American military officer and writer (1846–1903)

Richard Henry Savage (June 12, 1846 – October 11, 1903) was an American military officer and author who wrote more than 40 books of adventure and mystery, based loosely on his own experiences. Savage's life may have been the inspiration for the pulp novel character Doc Savage.

In his youth in San Francisco, Savage studied engineering and law, and graduated from the United States Military Academy. After a few years of surveying work with the Army Corps of Engineers, Savage went to Rome as an envoy following which he sailed to Egypt to serve a stint with the Egyptian Army. Returning home, Savage was assigned to assess border disputes between the U.S. and Mexico, and he performed railroad survey work in Texas.
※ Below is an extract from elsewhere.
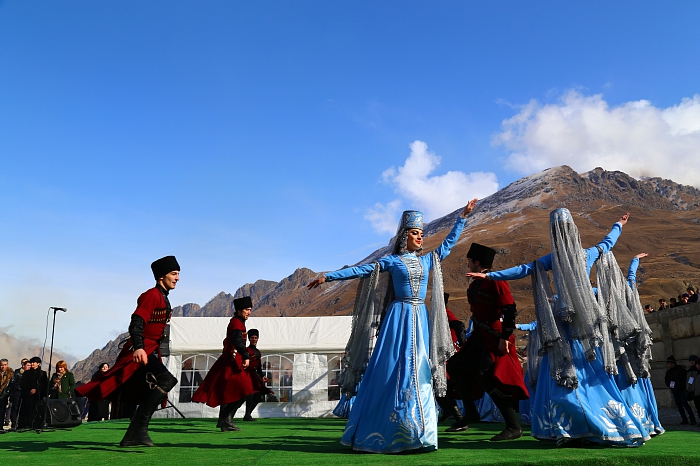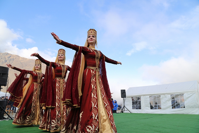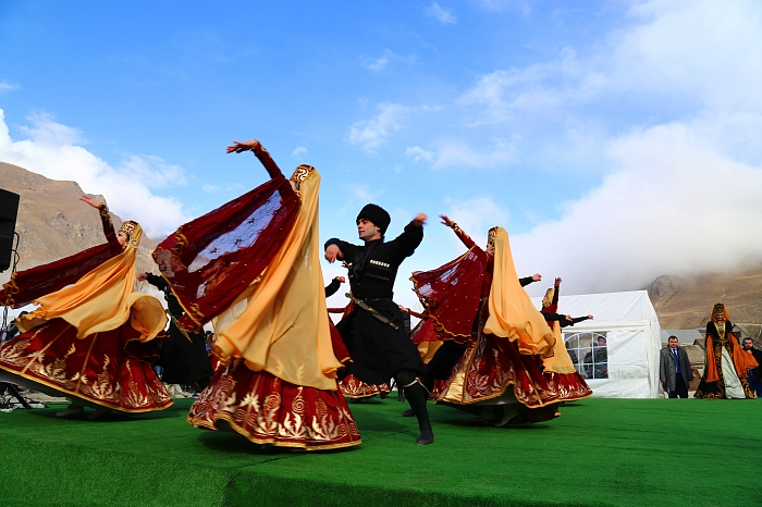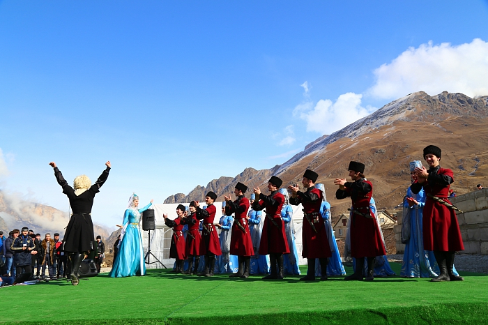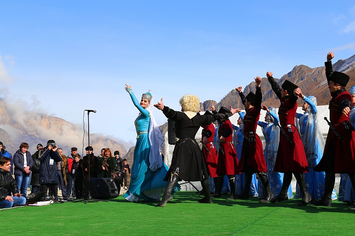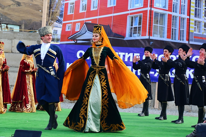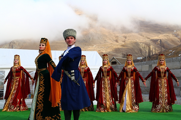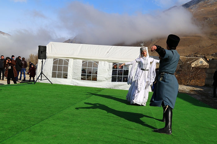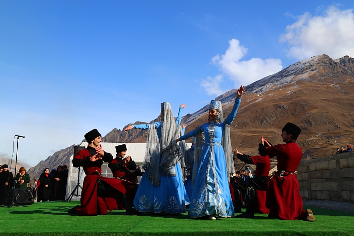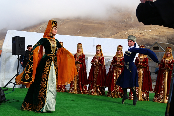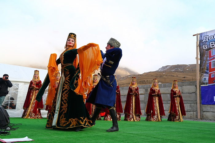 Солисты ансамбля Балкария Рамазан Аскеров и Лейля Гуртуева, танец Къол жаулукъ

In Washington D.C., he courted and married a widowed noblewoman from Germany.

Savage returned to San Francisco with his wife to stay for ten years, raising a daughter and taking part in a family business. He served at the rank of colonel in the California National Guard, and took part in the social activity of the city. During a period of anti-Chinese race riots, Savage stood up for law and order, and thereby gained the respect of San Francisco's leaders, property holders and middle class residents. Savage traveled to many exotic lands but in 1890 he was struck with jungle fever in Honduras. While recuperating in New York state he wrote his first book: My Official Wife. This very successful action-and-adventure story was followed by more, at the rate of about three per year, written for the general public rather than for literary critics; the latter were charmed by the first book but scathing of many later ones. Savage lived primarily in New York City, and was involved in lawsuits, especially against his New York publisher regarding unpaid royalties.

When the Spanish–American War broke out, Savage volunteered to lead men in battle. Instead, he was given command of an engineering unit which then built a complete base in Havana. Returning to New York, he wrote more books and corresponded with his wife who traveled often to the Russian Empire to visit their daughter and her Russian husband. Four years after mustering out of the Army, Savage was knocked down and mortally wounded at the age of 57 by a horse and carriage on the streets of New York.

==Early life and career==
Savage was born in Utica, New York on June 12, 1846, the son of Jane Moorhead Ewart and Richard Savage (1817–1903), a lawyer and manufacturer whose family had lived in the Utica area for years. The 1848 finding of gold in California, prompted Savage's father to join the California Gold Rush in 1850. Savage and the rest of his family left New York in 1851 to join his father. They arrived in San Francisco in February 1852. Savage was among the first boys to attend public school in the new city, along with future poet Charles Warren Stoddard and the brothers Gus, Charles and Harry de Young who would found the San Francisco Chronicle. While the younger Savage was in school, his father helped discover the rich silver deposits of the Comstock Lode.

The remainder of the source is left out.